▶ **THE TASK**
Reproduce exactly the first line of the material below and every line after it, ending with the line that contains "男性向けラノベタイトル風あだ名 | 『せとやま~年齢イコール彼女いない歴の魔法使い~』 |". No pictures should be copied.

DATA PROVIDED below:

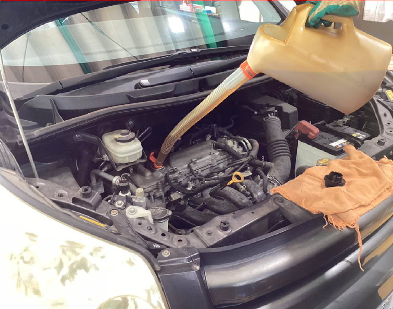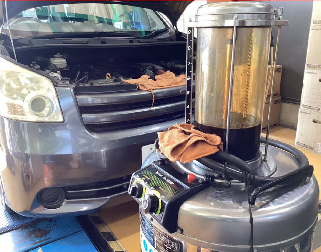 今回、オイルエレメントの交換は無いためオイル上抜きチェンジャーを用いて交換を実施しました。オイルレベルゲージの差し込みを使用して使用済みオイルを抜き取ります。
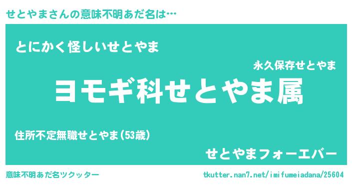 | 男性向けラノベタイトル風あだ名 | 『せとやま~年齢イコール彼女いない歴の魔法使い~』 |
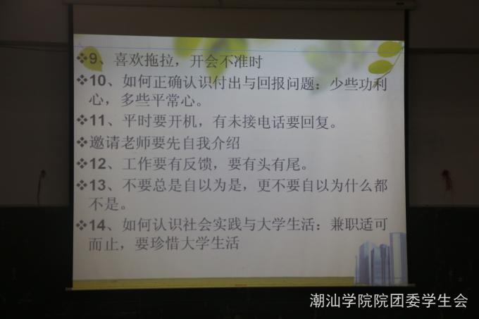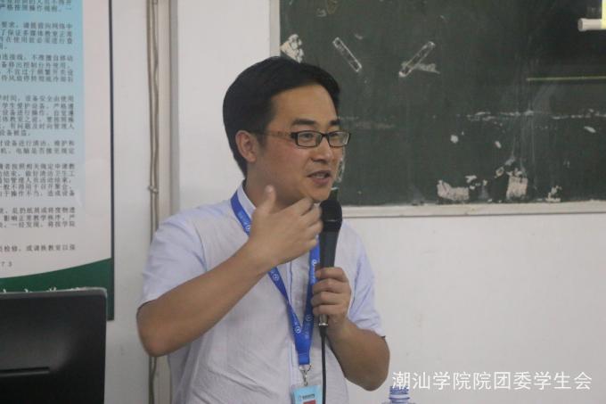 为进一步加强院团委学生干事工作作风,提高干事工作能力,强调作为学生干事应具备的态度、素质以及正确的价值观。2016年11月9日下午4时,潮汕学院于科技楼105召开第三期干部培训班。团委书记、学生处处长王克明为学生干部授课。 会议伊始,王处长以“学生干部的认知和能力培养”为主题展开讲话,王处长表示对于刚踏入大学的新生来说,对大学的一切事物都是感到迷茫的,不知所措、厌烦的;对于以上各种情况王处长还表示作为学生干部拥有端正的态度,良好的作风,不怕苦的精神,才能作为潮院的新血液。学校如同一艘巨轮,每位同学都不可缺少,没有团体精神的组织终究会沉浸在大海中。 本次会议还着重强调了在日常生活上的各种处事行为,与他人要友好相处,不看低他人,不做出影响他人的行为。构建一个美好、和谐的校园,遵守学校颁布的各项规章制度;才能营造校园良好环境。本次会议使各学生干部摆正心态,更好的面对以后的大学生活。看清现实环境,看清努力方向,看清真实自我。此次培训使干部们受益良多,也让我们认真思考自己在大学生活中的定位。愿在场的干部能够将王处长的话语牢记在心中,也愿学院在今后的道路上越走越远,越来越好! ![]() 学生处处长王克明 ![]() 授课内容

End of DATA PROVIDED.

▶ **TASK OUTPUT**
 今回、オイルエレメントの交換は無いためオイル上抜きチェンジャーを用いて交換を実施しました。オイルレベルゲージの差し込みを使用して使用済みオイルを抜き取ります。
 | 男性向けラノベタイトル風あだ名 | 『せとやま~年齢イコール彼女いない歴の魔法使い~』 |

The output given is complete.